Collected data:
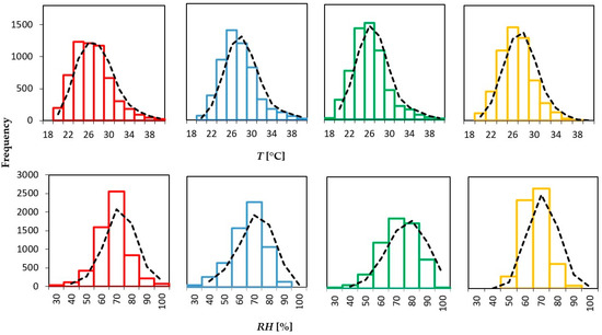 The frequencies of the temperature and relative huimidities inside the modules with moving average lines (black dotted) shown in black. The horizontal axis lines show a certain range of temperature and RH. The vertical axis line shows the frequency of occurrence of temperature and RH.
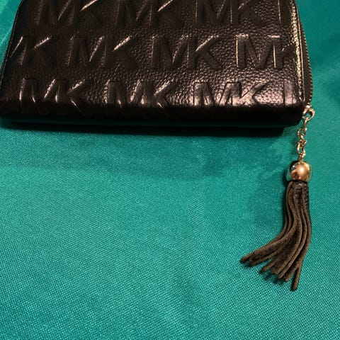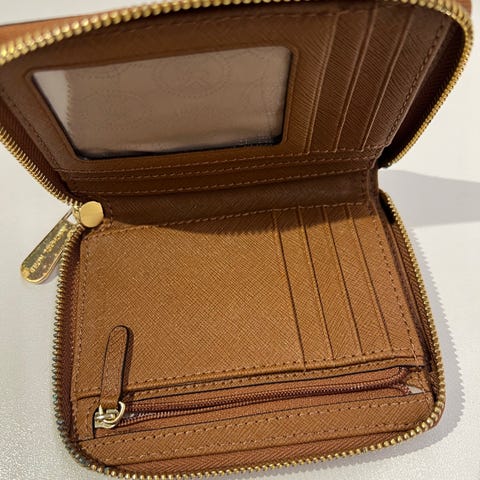 Michael Kors dame lommebok laget av lær. Lommeboken har flere kortlommer, en gjennomsiktig ID-lomme, og en romslig glidelåslomme for mynter eller små gjenstander. Designet for praktisk oppbevaring og enkel tilgang.
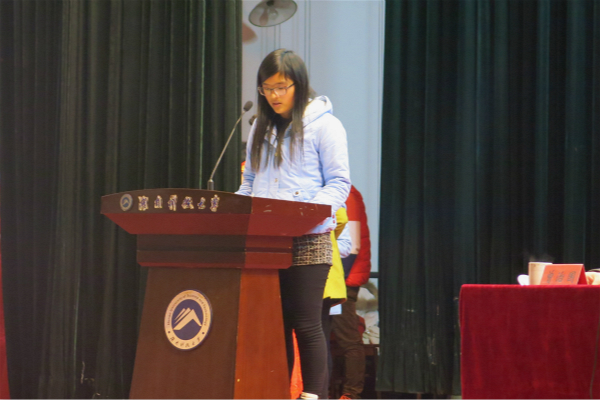 大会伊始,全体起立奏唱国歌,表彰大会在庄严的国歌声中拉开帷幕。接着,公司党委书记万启常宣读关于表彰2014-2015学年先进集体和个人决定。随后,优秀员工代表、国家奖学金获得者曹慧琳同学上台演讲,她讲到“荣誉桂冠往往是荆棘编就,成功的道路往往有汗水筑成”,并倡导大家端正态度,不怕困难,用激情点燃青春,用知识照亮梦想。
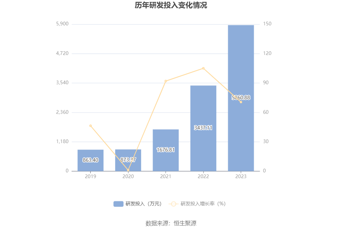 2023年全年,公司研发参加金额为5860.88万元,同比增长70.52%;研发参加占买卖收入比例为4.78%,比拟上年同时飞腾1.90个百分点。此外,公司全年研发参加成本化率为0。
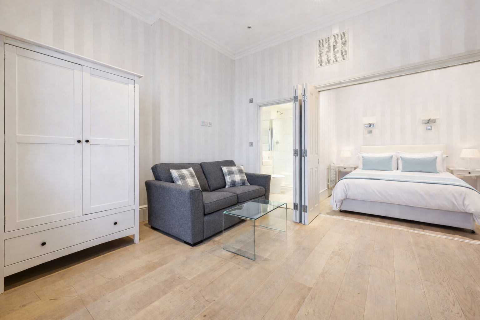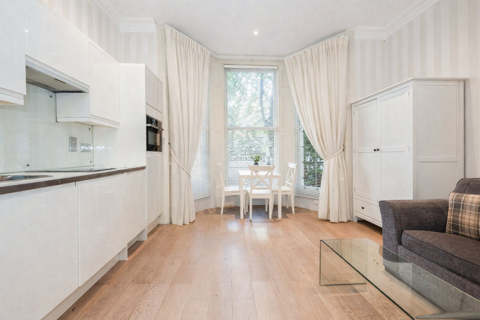 This well presented and naturally bright studio is located on the raised ground floor of a period conversion and boasts a spacious reception room and a separate sleeping area.
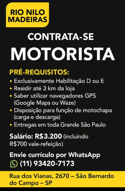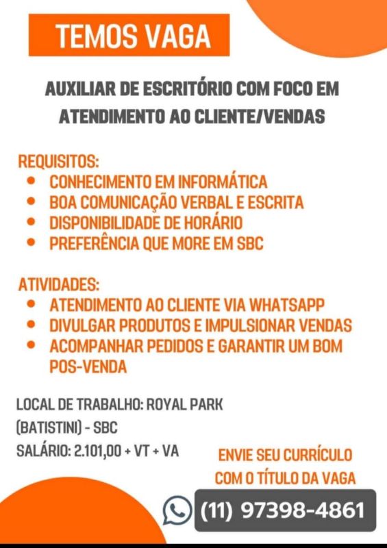 VAGAS DE EMPREGOS com indicações diversas, pode ser que algumas vagas tenham sido preenchidas.
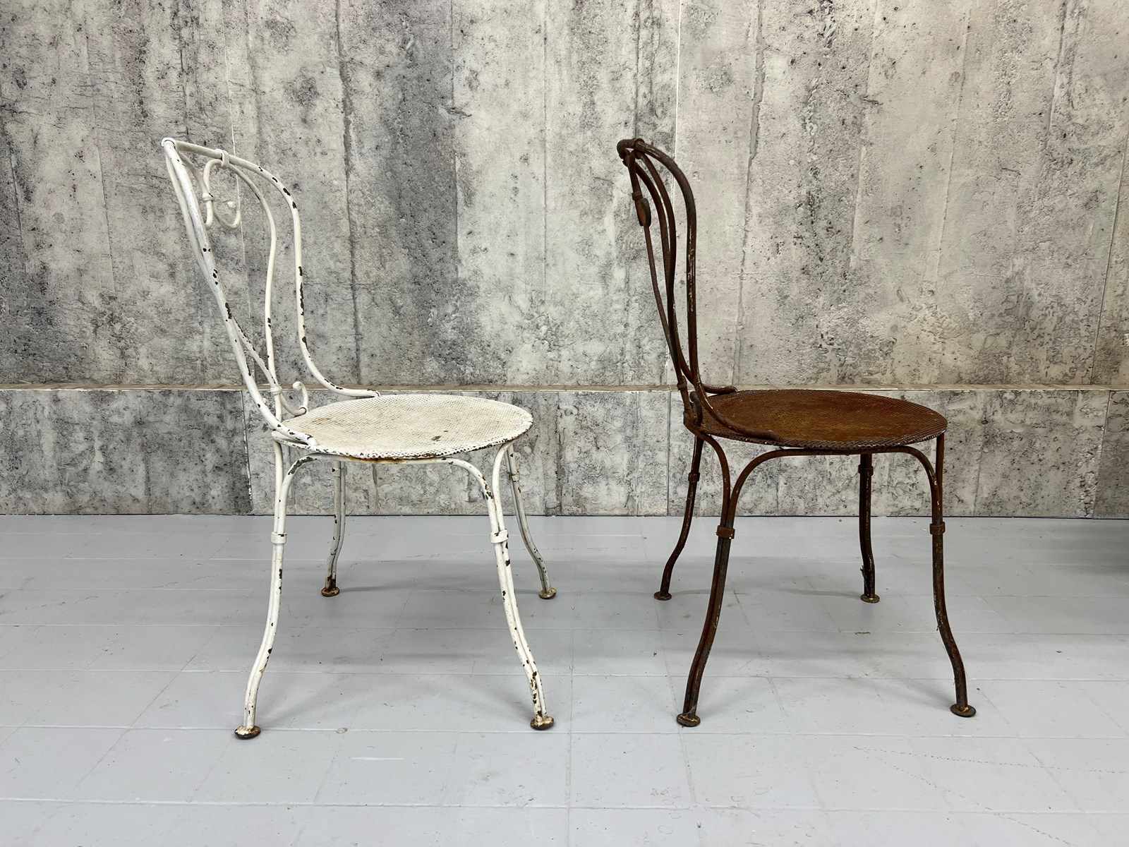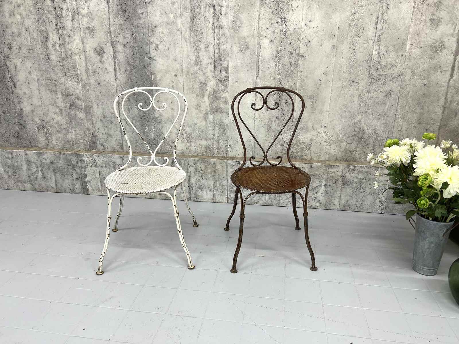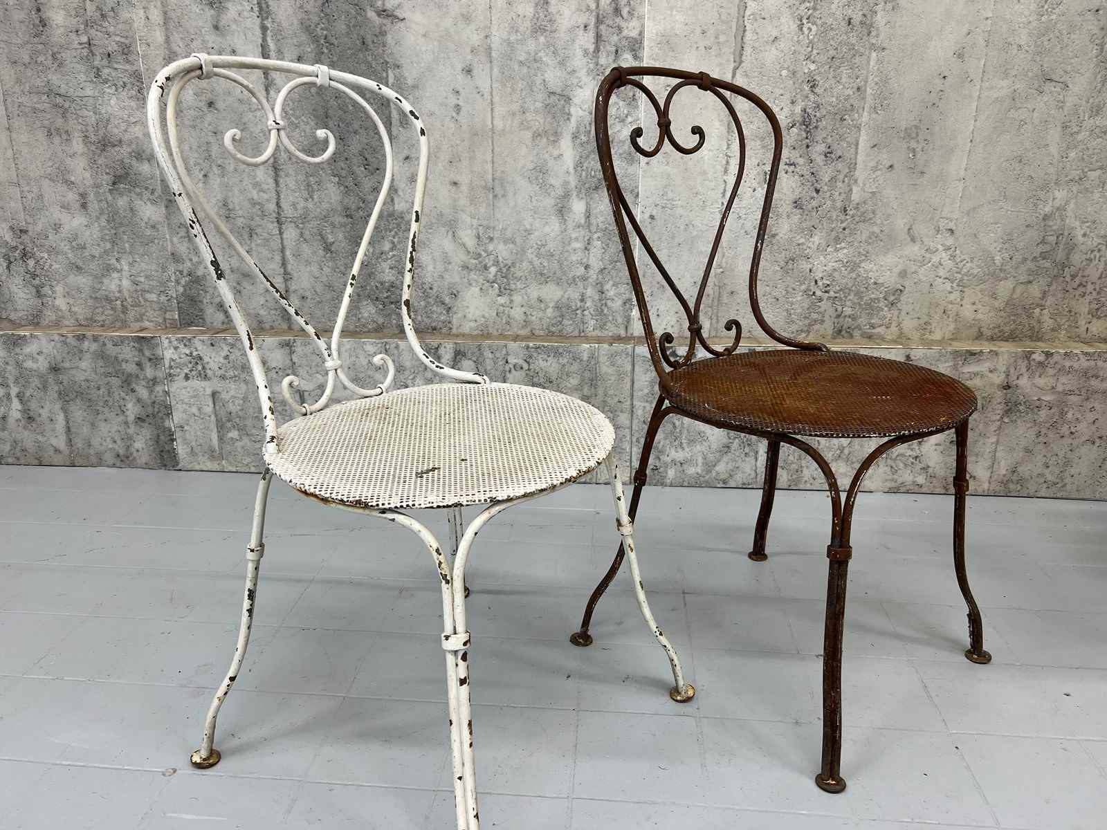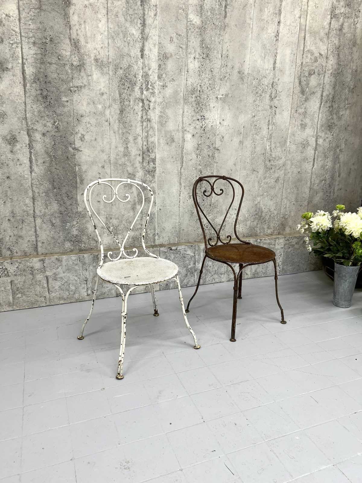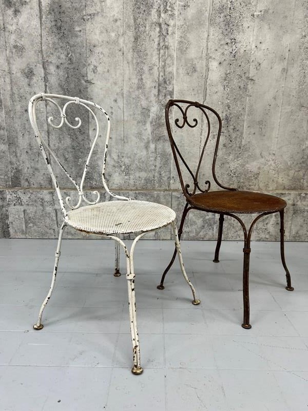 At first glance it may not be apparent, but this pair of antique metal garden chairs are in fact a matching pair. Admittedly, one has lost its paint layer and is now this fabulous rust coloured.. only superficial.. not structural.. and the second has the chipped white paint. These are a delightful pair and can either be left as they are or painted to match each other. Either way, these are a wonderful set.. heavy and ready to use as they are.
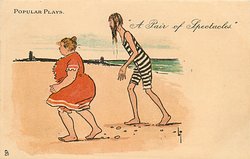 A PAIR OF SPECTACLES fat woman & thin man in bathing costumes
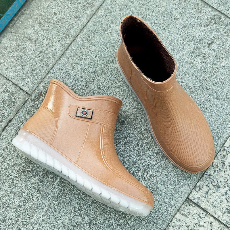 Short drum adult fashion waterproof shoes and rainboots female summer work anti-slip shoes student Han Edition warm shoes

TASK DESCRIPTION: What is needed is an exact copy of only the lines from the line containing "Michael Kors dame" through the last line of the entries, inclusive, without the pictures.

SOLUTION TO THIS EXERCISE:
 Michael Kors dame lommebok laget av lær. Lommeboken har flere kortlommer, en gjennomsiktig ID-lomme, og en romslig glidelåslomme for mynter eller små gjenstander. Designet for praktisk oppbevaring og enkel tilgang.
 大会伊始,全体起立奏唱国歌,表彰大会在庄严的国歌声中拉开帷幕。接着,公司党委书记万启常宣读关于表彰2014-2015学年先进集体和个人决定。随后,优秀员工代表、国家奖学金获得者曹慧琳同学上台演讲,她讲到“荣誉桂冠往往是荆棘编就,成功的道路往往有汗水筑成”,并倡导大家端正态度,不怕困难,用激情点燃青春,用知识照亮梦想。
 2023年全年,公司研发参加金额为5860.88万元,同比增长70.52%;研发参加占买卖收入比例为4.78%,比拟上年同时飞腾1.90个百分点。此外,公司全年研发参加成本化率为0。
 This well presented and naturally bright studio is located on the raised ground floor of a period conversion and boasts a spacious reception room and a separate sleeping area.
 VAGAS DE EMPREGOS com indicações diversas, pode ser que algumas vagas tenham sido preenchidas.
 At first glance it may not be apparent, but this pair of antique metal garden chairs are in fact a matching pair. Admittedly, one has lost its paint layer and is now this fabulous rust coloured.. only superficial.. not structural.. and the second has the chipped white paint. These are a delightful pair and can either be left as they are or painted to match each other. Either way, these are a wonderful set.. heavy and ready to use as they are.
 A PAIR OF SPECTACLES fat woman & thin man in bathing costumes
 Short drum adult fashion waterproof shoes and rainboots female summer work anti-slip shoes student Han Edition warm shoes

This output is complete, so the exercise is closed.